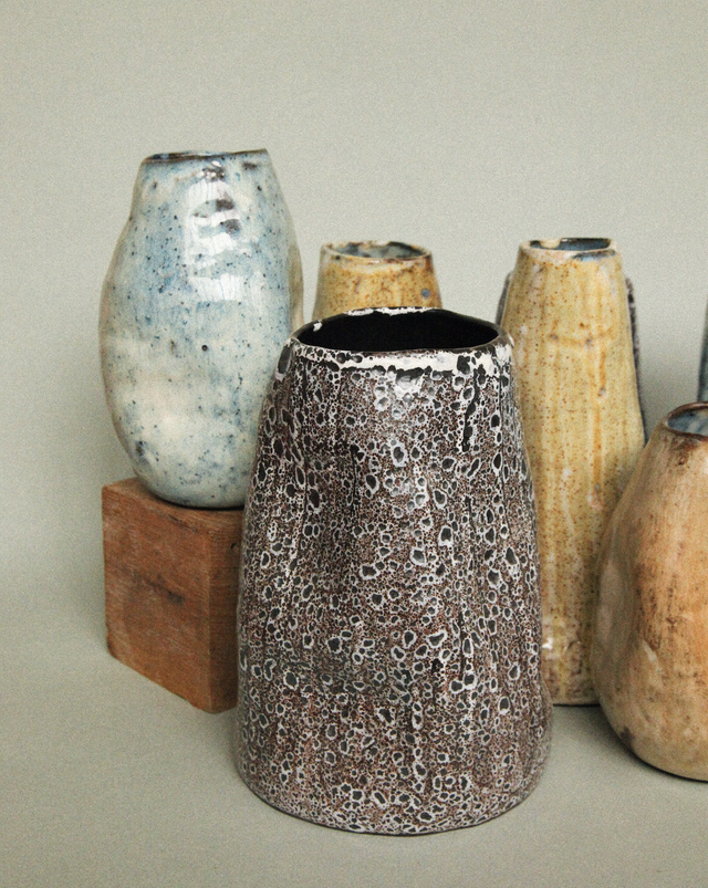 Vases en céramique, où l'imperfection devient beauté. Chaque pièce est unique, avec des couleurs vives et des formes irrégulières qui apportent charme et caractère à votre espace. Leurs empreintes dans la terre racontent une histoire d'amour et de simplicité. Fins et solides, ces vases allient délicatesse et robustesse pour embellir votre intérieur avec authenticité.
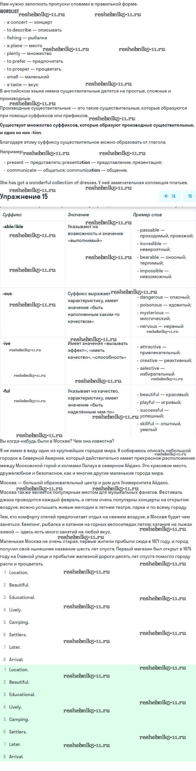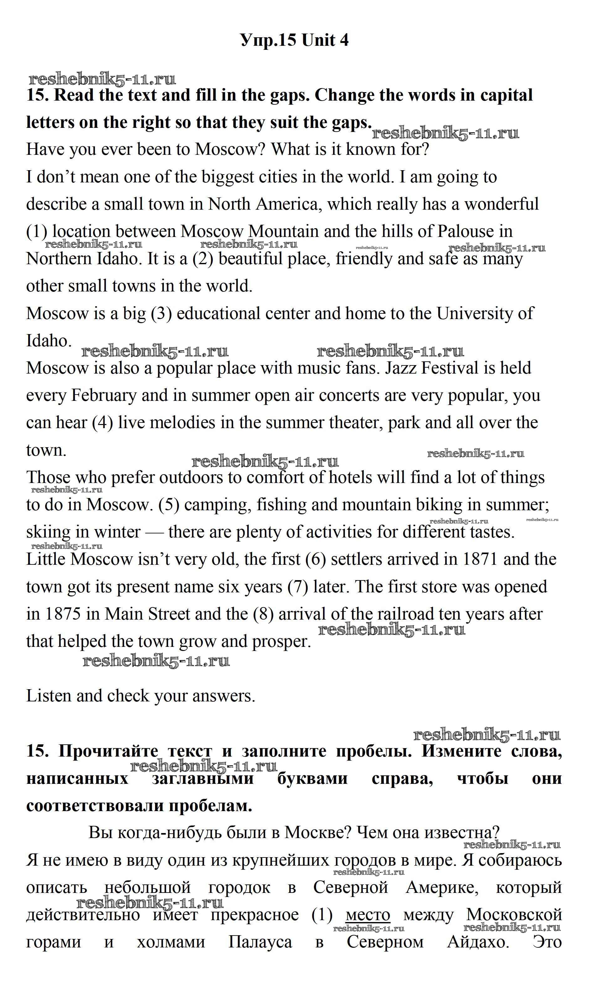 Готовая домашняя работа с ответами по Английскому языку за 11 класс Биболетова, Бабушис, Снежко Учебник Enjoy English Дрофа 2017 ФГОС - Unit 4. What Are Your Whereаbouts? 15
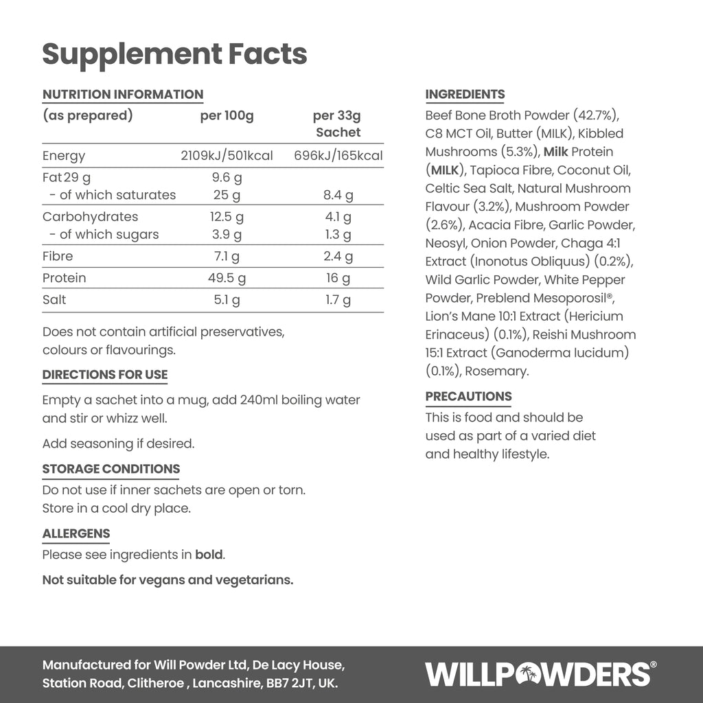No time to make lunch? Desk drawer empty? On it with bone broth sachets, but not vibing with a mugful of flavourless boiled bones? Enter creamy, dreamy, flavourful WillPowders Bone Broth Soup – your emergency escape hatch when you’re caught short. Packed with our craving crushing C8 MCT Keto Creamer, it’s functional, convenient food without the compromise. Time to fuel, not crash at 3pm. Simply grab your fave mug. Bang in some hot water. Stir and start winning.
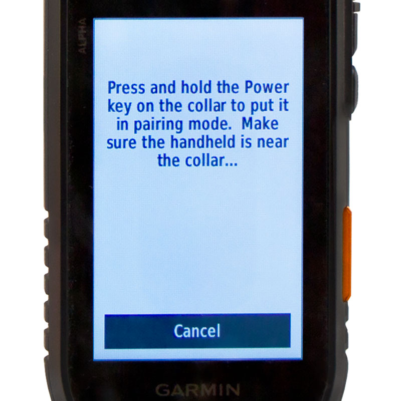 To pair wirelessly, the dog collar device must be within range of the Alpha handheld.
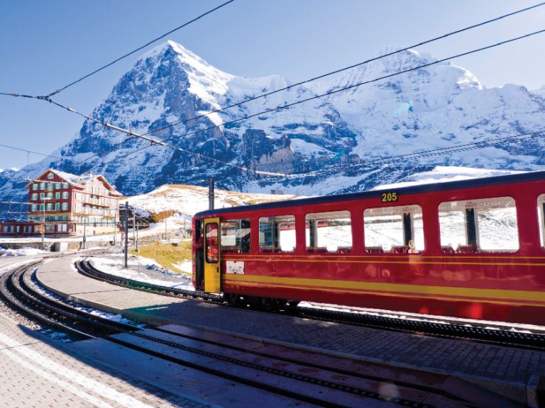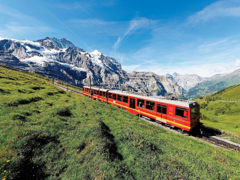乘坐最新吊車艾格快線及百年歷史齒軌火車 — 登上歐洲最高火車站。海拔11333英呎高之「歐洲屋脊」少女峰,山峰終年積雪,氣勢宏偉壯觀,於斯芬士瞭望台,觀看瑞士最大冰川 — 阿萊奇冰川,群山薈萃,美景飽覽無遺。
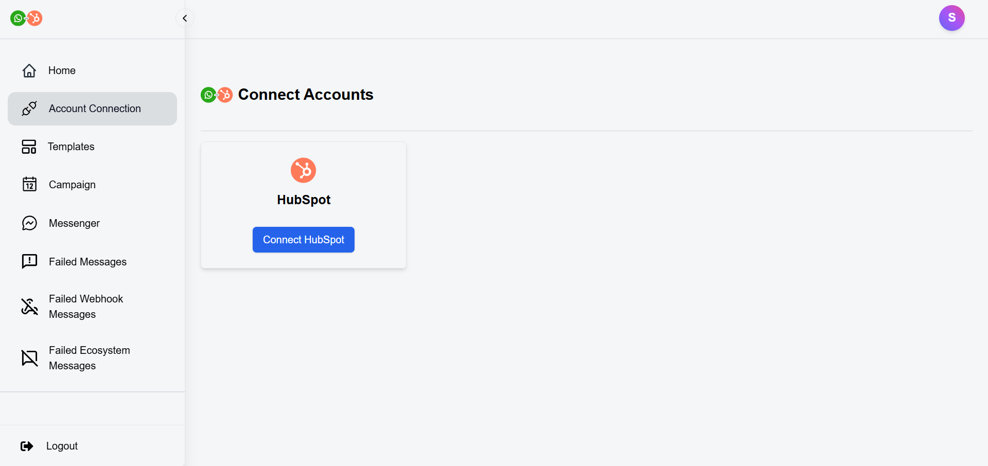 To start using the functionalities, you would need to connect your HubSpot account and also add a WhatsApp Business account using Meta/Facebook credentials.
---
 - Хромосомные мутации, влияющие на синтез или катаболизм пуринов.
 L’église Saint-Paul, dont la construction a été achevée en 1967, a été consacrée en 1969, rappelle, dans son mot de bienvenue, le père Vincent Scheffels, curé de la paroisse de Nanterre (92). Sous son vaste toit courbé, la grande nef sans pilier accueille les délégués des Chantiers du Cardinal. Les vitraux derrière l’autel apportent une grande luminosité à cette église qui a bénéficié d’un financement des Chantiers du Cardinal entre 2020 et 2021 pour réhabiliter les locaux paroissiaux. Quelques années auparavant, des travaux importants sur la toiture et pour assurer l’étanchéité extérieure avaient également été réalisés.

◆ **ABOUT THIS TASK**
Within the listing above, extract exactly the lines that run from the one containing "Готовая домашняя работа" through the one containing "No time to make", excluding any pictures.

◆ **SOLUTION FOR THIS TASK**
 Готовая домашняя работа с ответами по Английскому языку за 11 класс Биболетова, Бабушис, Снежко Учебник Enjoy English Дрофа 2017 ФГОС - Unit 4. What Are Your Whereаbouts? 15
No time to make lunch? Desk drawer empty? On it with bone broth sachets, but not vibing with a mugful of flavourless boiled bones? Enter creamy, dreamy, flavourful WillPowders Bone Broth Soup – your emergency escape hatch when you’re caught short. Packed with our craving crushing C8 MCT Keto Creamer, it’s functional, convenient food without the compromise. Time to fuel, not crash at 3pm. Simply grab your fave mug. Bang in some hot water. Stir and start winning.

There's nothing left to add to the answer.